Addition mod 6 seems much simpler than multiplication mod 7, so it is rather surprising that they are in fact the same! You can thus work in the additive group Z6+ to solve what seem to be harder problems in Z7*. For example, what are all the generators of Z7*? Well, just find all the generators of Z6+ (additively), and what they correspond to in Z7* are the generators of Z7*. So what generates Z6+, by adding? Obviously 1 does. Add 1 to itself over and over, mod 6, and you get everything in Z6+: 1, 1+1=2, 2+1=3, 3+1=4, 4+1=5, 5+1=6. Other elements fail to do this. The element 2, for example, just generates the even elements: 2, 2+2=4, 4+2=6, 6+2=8=2 (mod 6)... (and we are beginning to repeat, having never seen 1, 3, or 5). Also 3 doesn't generate: 3, 3+3=6, 6+3=9=3 (mod 6)... (repeating already). Also 4 does not generate: 4, 4+4=8=2 (mod 6), 2+4=6, 6+4=10=4 (mod 6)...(repeating). On the other hand 5 does generate Z6+ additively: 5, 5+5=10=4 (mod 6), 4+5=9=3 (mod 6), 3+5=8=2 (mod 6), 2+5=7=1 (mod 6), 1+5=6. So the additive generators of Z6+ are just {1,5}. These are just the numbers which are relatively prime to 6 -- no accident. That 2, 3, and 4 have common factors with 6 is precisely why they cycle around and miss certain elements of Z6+. Now we know all the multiplicative generators of Z7*: they are just {3^1, 3^5}, the elements corresponding to {1,5} under the homomorphism. In more standard notation, these generators of Z7* are just {3,5}. Many of you had already found them, but this is another way to do it, and a way to see that there couldn't be any others.

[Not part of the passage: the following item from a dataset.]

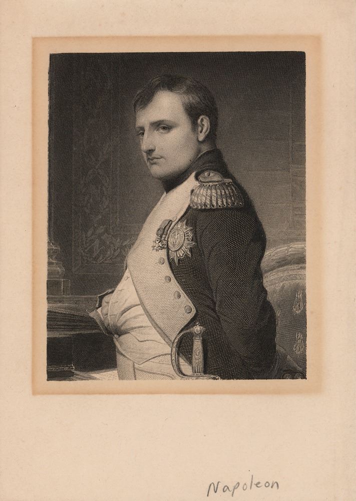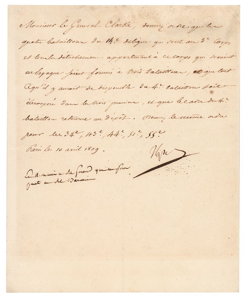 LS in French, signed "Nap.," one page, 7.25 x 9, April 10, 1809. Untranslated letter to General Clarke regarding military matters, boldly signed by Napoleon Bonaparte. In fine condition, with minor staining along the top. Accompanied by an unsigned engraved portrait.

Your assignment is to do an example like the one immediately above: find all the generators of Z13*. It would be possible, of course, to do it by tedious trial and error, but you get more insight into what is happening if you use a homomorphism with Z12+, the additive group mod 12, which is a much simpler place to do computations.
First: show that Z13* is cyclic with generator 2, by computing {2, 2^2, 2^3, 2^4, ...} mod 13.
This gives you a way to associate with each element of Z13* an exponent, namely the exponent of 2 which gives that element. That association is a homomorphism from Z13* to Z12+, exactly as in the preceding example: each element of Z13* is assigned its exponent in Z12+.
Now what are the elements of Z12+ which generate it additively? Just the elements which are relatively prime to 12: {1, 5, 7, 11}. It is easy to see that each of these by itself, if you just add it to itself over and over, mod 12, gives every element in Z12+={1,2,3,4,5,6,7,8,9,10,11,12}. That is most obvious with 1, but easy to see in the other cases too. Other numbers, like 2, 3, 4, 6, etc. fail to give everything in Z12+ when you add (mod 12). In fact they give only integer multiples of the gcd, and if the gcd is bigger than 1, that will not be everything in Z12+.
Hence the generators of Z13* should be {2^1, 2^5, 2^7, 2^11}. Check that this is so by showing explicitly that each of these numbers -- so far not known explicitly, but find them explicitly -- really do generate the whole multiplicative group.
NOTICE! When you are working in Z13*, you multiply; when you work in Z12+, you add. Be clear WHERE you are when you are computing things, so that you don't get confused!